Pianta dioica, ha fiori maschili e femminili che crescono su individui separati; l'infiorescenza femminile si forma sulle cime una decina di giorni dopo quella maschile, che invece si sviluppa all'altezza dell'ascella fogliare, in genere a metà luglio. Il fusto, formato da una corteccia esterna e da una parte interna detta canapulo, è costituito per un 25-30% da fibra, di cui oltre l'80% è cellulosa. Su ciascun nodo del fusto si sviluppano foglie opposte e palmate composte da sette segmenti lanceolati e dal bordo più o meno seghettato.
Come si coltiva
Non necessita di particolari cure e bene si adatta anche a terreni poveri (ma non sabbiosi) con condizioni climatiche difficili, pur preferendo terreni fertili alluvionali.
Il periodo migliore per seminarla alle nostre latitudini è nei mesi di febbraio, marzo, aprile. Si semina a file o a spaglio dopo una modesta lavorazione del terreno.
Non soffre le gelate ma, pur amando i terreni umidi, è molto sensibile al ristagno idrico, in particolare nella prima fase vegetativa.
In genere, non necessita di irrigazione né concimazione. Non ha particolari nemici animali o fungini.
Ha azione diserbante contro le infestanti e migliora la struttura del terreno grazie al suo apparato radicale fittonante, profondo e abbondante: si considera coltura rinettante, adatta a rotazioni e a terreni inquinati da agricoltura o da fonti esterne. Sembra prelevi grandi quantità di metalli pesanti: è idonea per zone inquinate da discariche e scarichi industriali.
Si può coltivare anche in vaso (una pianta per vaso di 24 cm di diametro) da tenere in posizione soleggiata o a mezz'ombra, con terriccio universale, molto ben drenato sul fondo. Annaffiare ogniqualvolta il terriccio si è asciugato.
Come si raccoglie
Il raccolto, se la pianta è coltivata per la fibra tessile, va effettuato circa dieci giorni dopo la fioritura delle piante maschili in agosto-settembre; se da seme, il raccolto è posticipato a settembre-ottobre.
Le modalità dipendono dalle tecnologie industriali oggi in uso e dalla destinazione. Per ottenere fibra corta, cortissima e canapulo, la raccolta viene fatta con le mietitrebbie, dopo l'essiccamento in campo delle andane, che perdono le foglie apportatrici di sostanza organica al terreno (hanno molta biomassa). Per ricavare la fibra lunga, bisogna raccogliere la bacchetta intera in fasci, usando la mietilega modificata usata nei Paesi dell'Est, e il maggior impegno di raccolta è compensato dal prezzo maggiore. Per questo tipo di uso, sono state realizzate strutture industriali che compiono la macerazione e la stigliatura.

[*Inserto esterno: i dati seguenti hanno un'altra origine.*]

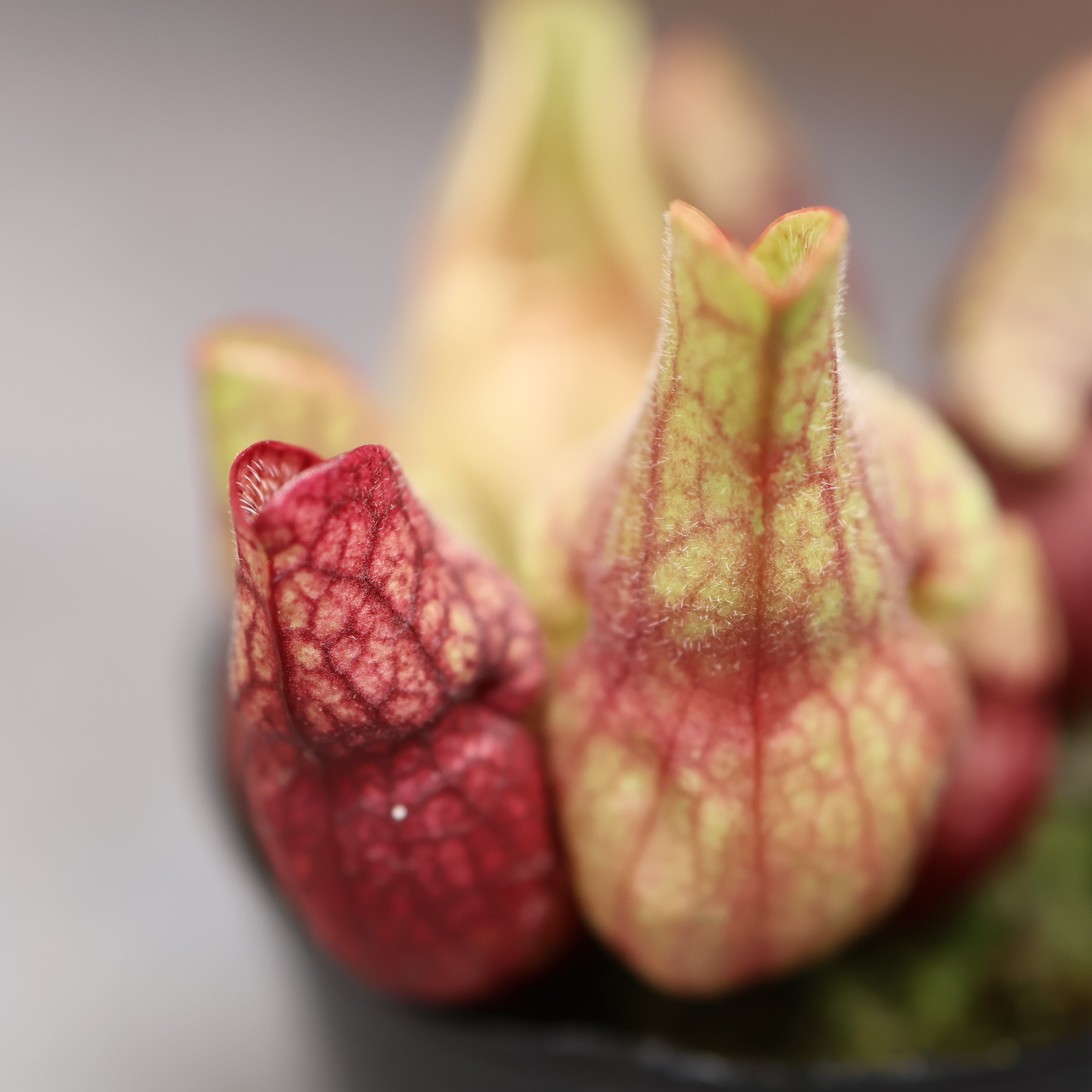 『サラセニア プルプレア ベノーサ S.pupurea Var.Venosa』は、湿地帯に自生する食虫植物。筒状に立ち上がったように伸びる葉、この葉の内部に蜜があり、誘惑されて落ちた虫が餌食となり消化吸収されます。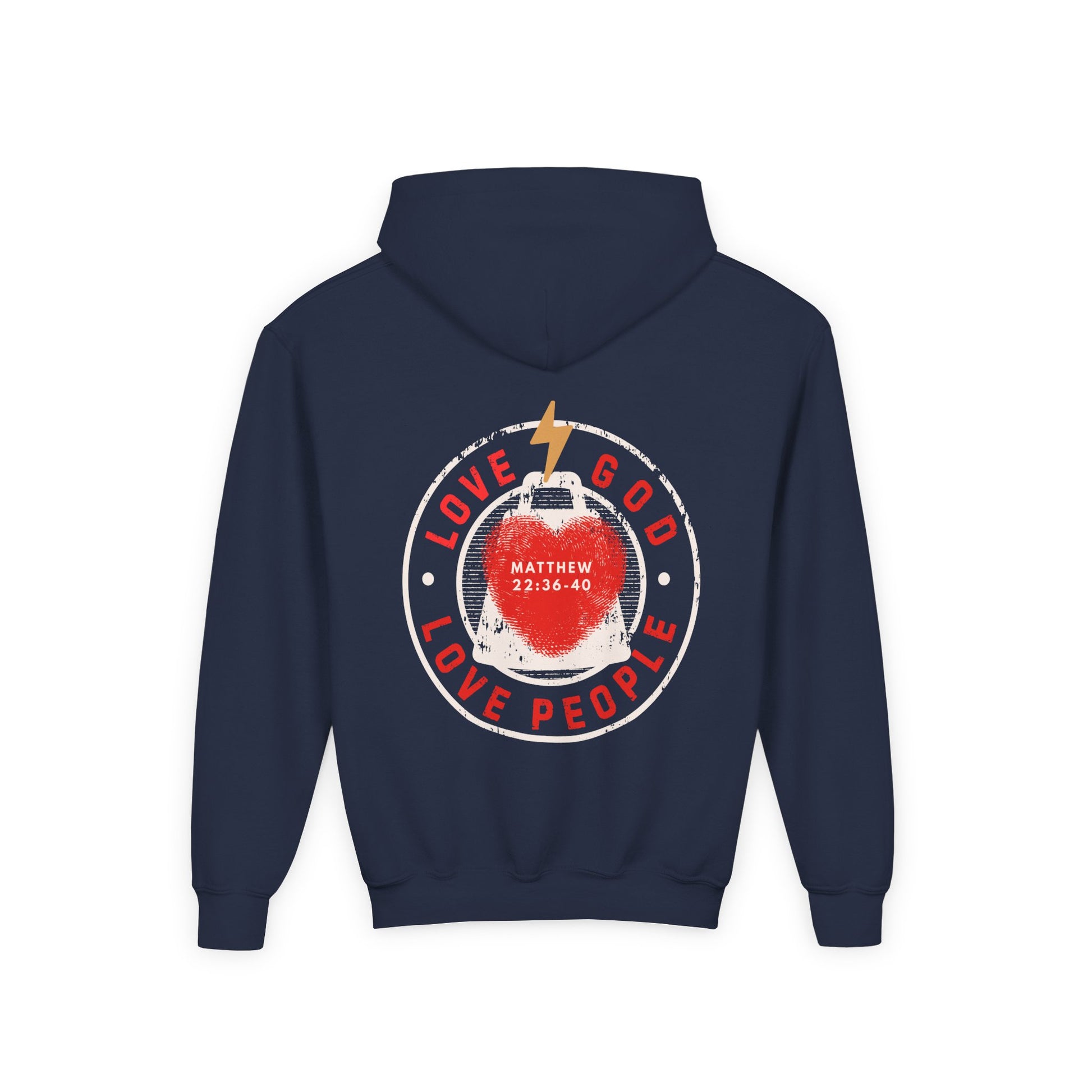 Youth Hoodie — "Love God, Love People" Christian Sweatshirt (Matthew 22:36-40)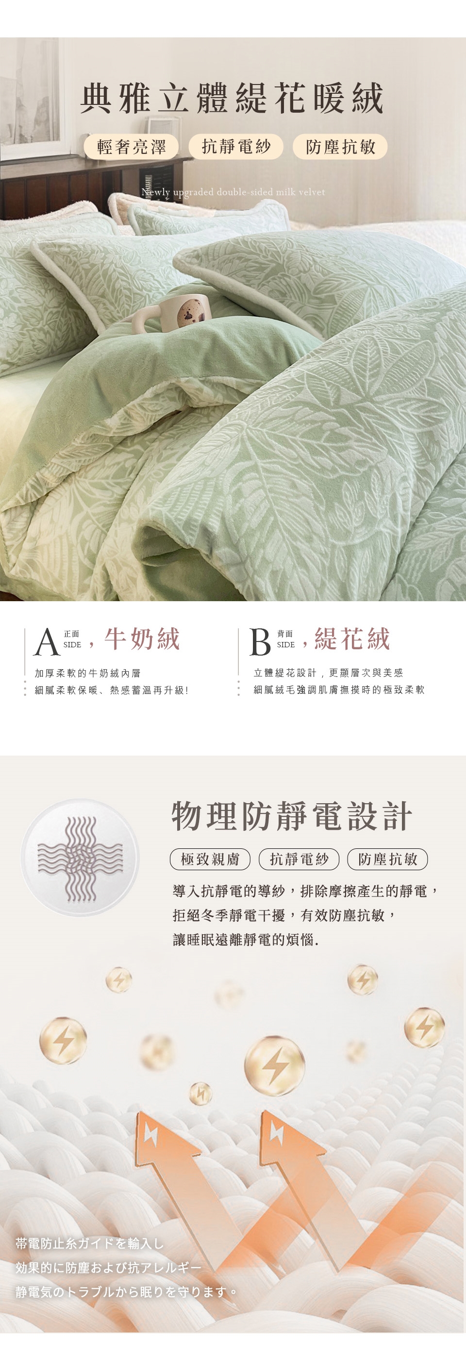 立體緹花設計,更顯層次與美感,細膩絨毛強調肌膚撫摸時的極致柔軟
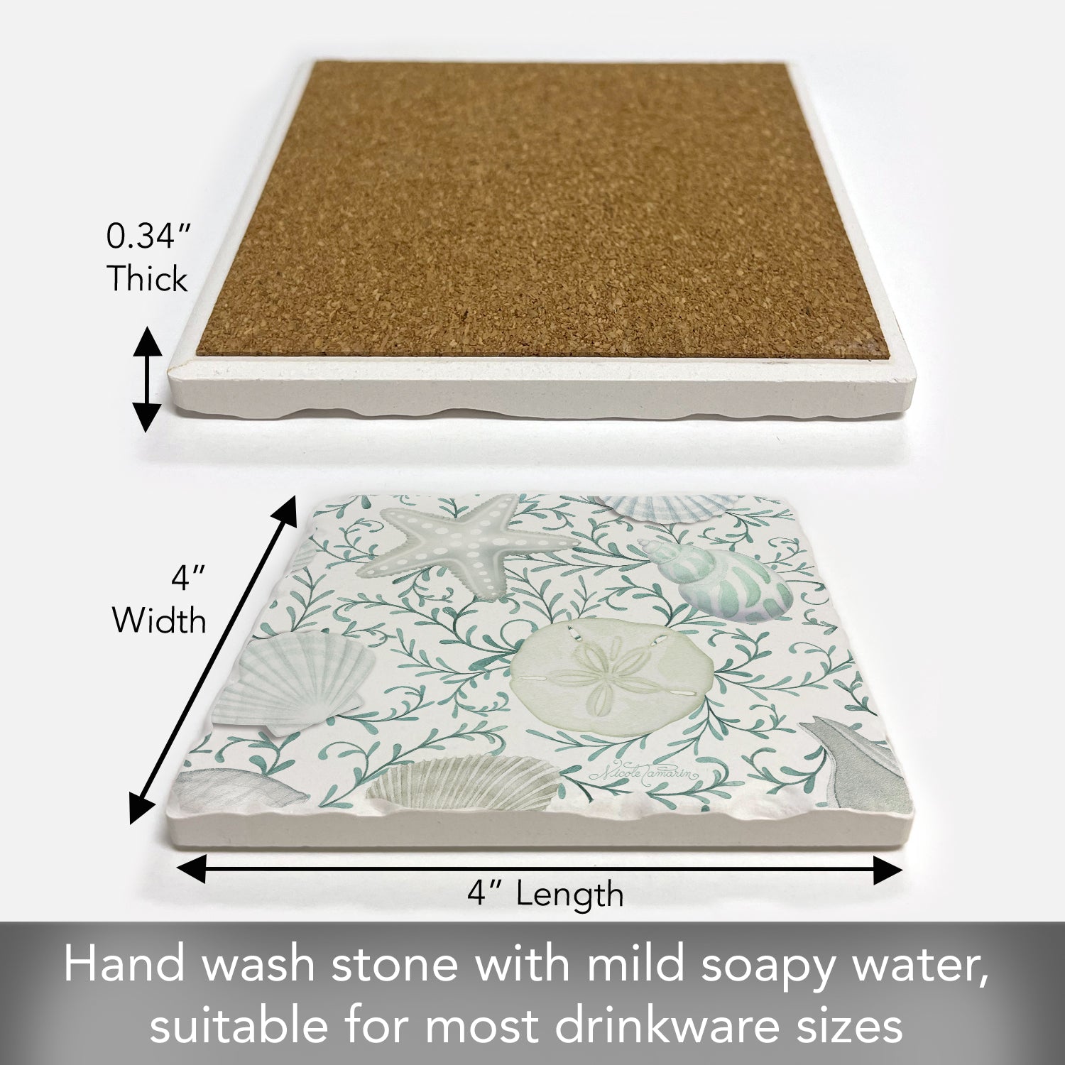 Thirstystone Beach Therapy Shells Single Tumbled Tile Stone Coaster with Protective Cork Backing Manufactured in The USA 4" Square, Colorful, Artistic, Easily Wipes Clean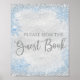Panneau de table pour livre d'or de baby shower sur le thème de winter wonderland avec un joli fond pailleté de flocons de neige bleus et argentés. Ajoutez simplement le texte de votre choix dans le style de police et la couleur que vous préférez. Ces panneaux de table sur le thème de winter wonderland sont beaux dans un cadre décoratif posé sur votre table d'événement.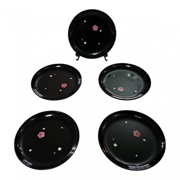 • Cinco pratos em melamina e fundo decorado com flor, Diam. 13 cm.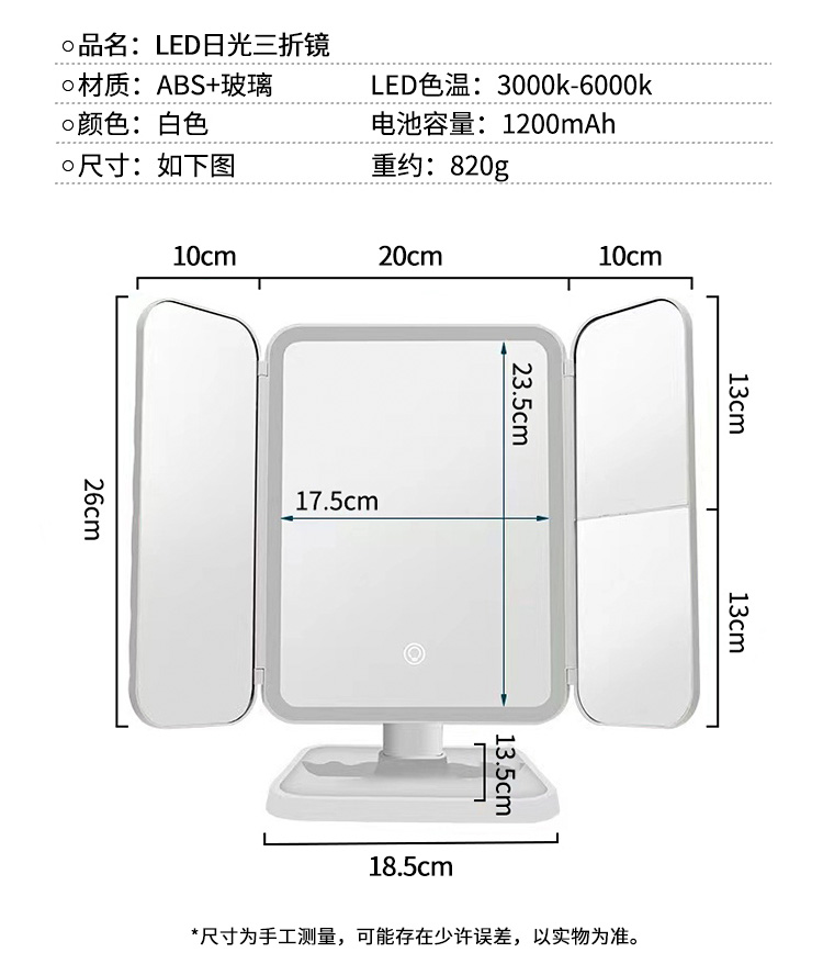 쉘 더블 도어 led 메이크업 미러 라이트 스토리지 박스 통합 데스크탑 접이식 조절 미러 Zheng스토어 가기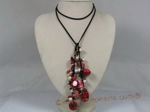Elegance rubber cord necklace featuring oval shape coral beads;alternated with 7-8mm white whorly freshwater pearl and shell beads;link by a black rubber cord; 36 inch in length;no clasp; can wear and tie it in any way as you like. Buying similar style necklace: leather cord necklace or ribbon necklace or long necklace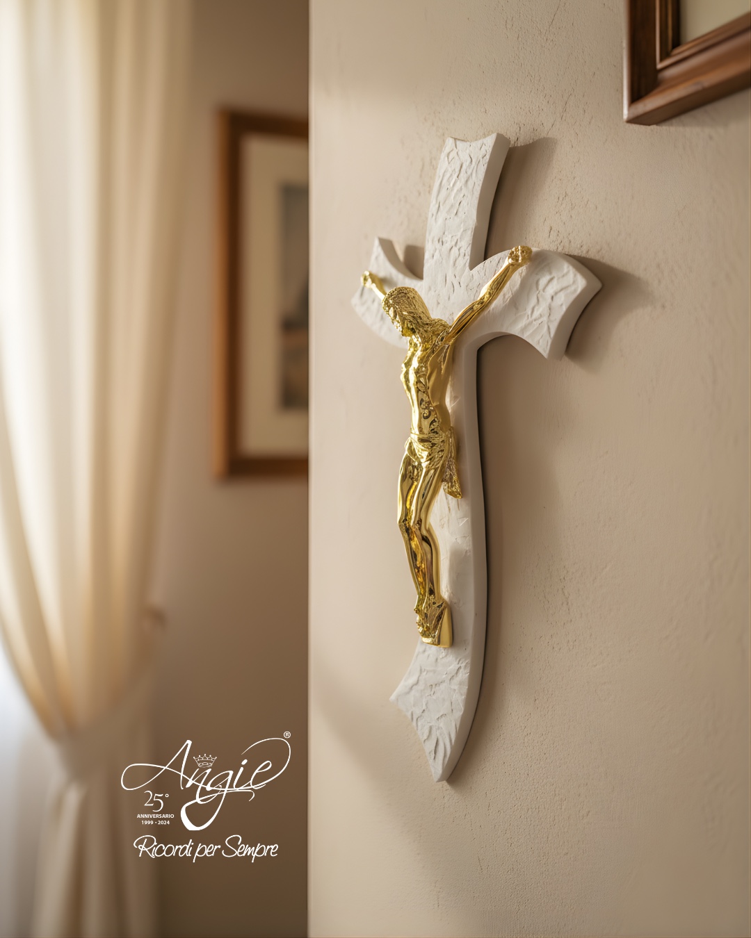 Gold Crucifix on a marble dust cross with a spatula-finished surface

Come si utilizza la cannabis
Le foglie e i fiori sono utilizzati per tisane, birra e caramelle; l'olio essenziale che si ottiene per distillazione, trova impiego come profumo e aromatizzante per alimenti.
I semi decorticati hanno un sapore che ricorda quello della noce e sono utilizzati come alimento ad elevato tenore proteico in insalate, biscotti, paté, pane o nel gomasio. Si conservano meglio in frigorifero e se tostati assumono un sapore 'nocciolato'.
La farina ottenuta dai semi (se ne può utilizzare fino a un terzo del totale) conferisce un gusto di nocciola agli impasti cui viene aggiunta. Si utilizza anche per preparare pasta secca, un sostituto altamente proteico della normale pasta.
L'olio estratto a freddo dai semi si usa per la produzione di tofu, gelati e altri preparati, e rappresenta inoltre un integratore nutraceutico ricco di acidi grassi polinsaturi Omega-3 e 6 e trova impiego in cosmetici e detergenti per il corpo.
L'olio estratto industrialmente viene utilizzato per detersivi, inchiostro da stampa, tinte e colori, lubrificanti, combustibile e altro.
Fibre: quelle lunghe, tessili, vengono impiegate in tessuti, abbigliamento, cordame, sacchi, reti; quelle corte (fibre cellulosiche) forniscono pasta di cellulosa per carte, cartine per sigarette, pannolini e molto altro (lettiere zootecniche, di substrati per ortoflorovivaismo, imballaggi ecc.). In edilizia viene impiegato il canapulo per pannelli isolanti e fonoassorbenti, e compositi. I semi si utilizzano per la riproduzione delle piante.